A. J. Liebling wrote wonderful columns about food for The New Yorker in a time when food writing was seldom considered suitable for anything but the women’s pages. His account of being an impoverished art student in interwar Paris and choosing between good food and good wine is memorable, and is also a modern morality.

A terrific book, faithfully translated into a terrific movie. Remarkable.

by Louis Menand

A beautiful book of immense erudition and perception, this book has influenced my work deeply. It does things I did not think possible, and draws connections I did not think could be drawn. Yet, it is plainspoken, considerate, and unfailingly entertaining.

by Richard Cockett

A fascinating study of Vienna between the wars and its immense contributions to modernism and to computing.
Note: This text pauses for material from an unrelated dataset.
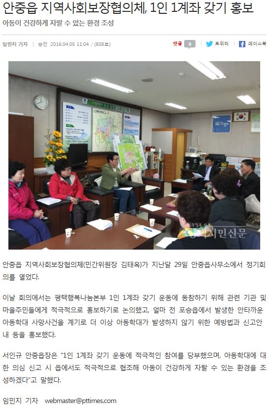 안중읍 지역사회보장협의체, 1인 1계좌 갖기 홍보 페이지 정보 행복나눔 작성일16-04-07 10:25 조회4,534회 댓글0건 관련링크 http://www.pttimes.com/news/articleView.html?idxno=37819 1961회 연결 이전글 다음글 목록 본문 댓글목록 등록된 댓글이 없습니다. 이전글 다음글 목록

Vienna was a huge capital city that governed what had become a small country. Austria had lost her empire and her markets, the economy had been shredded, and vast numbers of people from the former provinces converged on a city with insufficient housing, a place that had long seen itself as governed by schleppers. Yet, for a decade, it became the intellectual center of the world, before the Viennese threw it all away for the satisfactions of Fascism.

Nov 24 11 2024

Precipice

by Robert Harris

From 1912 to 1915, Venetia Stanley, then inn her 20s, carried on an intense, primarily epistolary, romance with Prime Minister H. H. Asquith, who was considerably older. He called Venetia “dearest”; she called him “Prime”. He wrote to her several times a day, often including state secrets in the letters. Incredibly, his half of the correspondence survives. From these letter. Robert Harris has crafted a thriller which is often fascinating, if inevitably tinged with sadness.

by Karl Sigmund

A wonderful and thorough history of the intersecting philosophical and mathematical circles in Vienna from the early 1920s to their end in Austrian Fascism and the Anschluss. Sigmund offers sensitive and intelligent portrayals of the most notable participants (though he rather neglect John von Neumann) as well as those who, like the note-taking Dr. Rose Rand, were ill-treated in life and neglected afterward. This deserves special praise because, in this broad group biography, few of the characters are easy to identify with. Sigmund is equally at home with the ideas with which these circles wrestled, and if he occasionally despairs of explaining set theory to a general audience, his effort to explain Gödel’s Incompleteness Theorem by way of Sudoko is both clever and effective.

by Arnoldo Momigliano

A delightful and fascinating contemplation of two threads that run through nearly three thousand years of historical writing. Herodotus tries to tell us about the world; if he knows something interesting about a place he will tell you about it. Thucydides tries to tell us what happened in the great war in which he himself played a part; if something important happened when he was elsewhere, he works to find a source who knows about it. If it wasn’t important to the war, to hell with it. Thucydides became the patron of historians, Herodotus the patron of antiquarians; Momigliano, a historian, is gracious to antiquarians and fast to point out that, today, some of the most interesting and important historical writing is attuned to Herodotus while we may have had our fill of political and military chronicles.

by Paul Thomas Murphy

Ruskin was an early Modernist critic and a great fan of Turner’s brilliant colors. Whistler was a late modernist, eager to explore fog and darkness. They did not like each other, and Ruskin eventually took the opportunity to deplore Whistler’s painting.

Whistler, who was having a terrible time getting people interested in his experimental painting, sued for libel. The result was a spectacular trial, which Murphy covers very well indeed. Whistler still couldn't sell his work; eventually, he did manage to make some big sales to Americans, and some of his critical work now hangs in the Harvard Art Museums.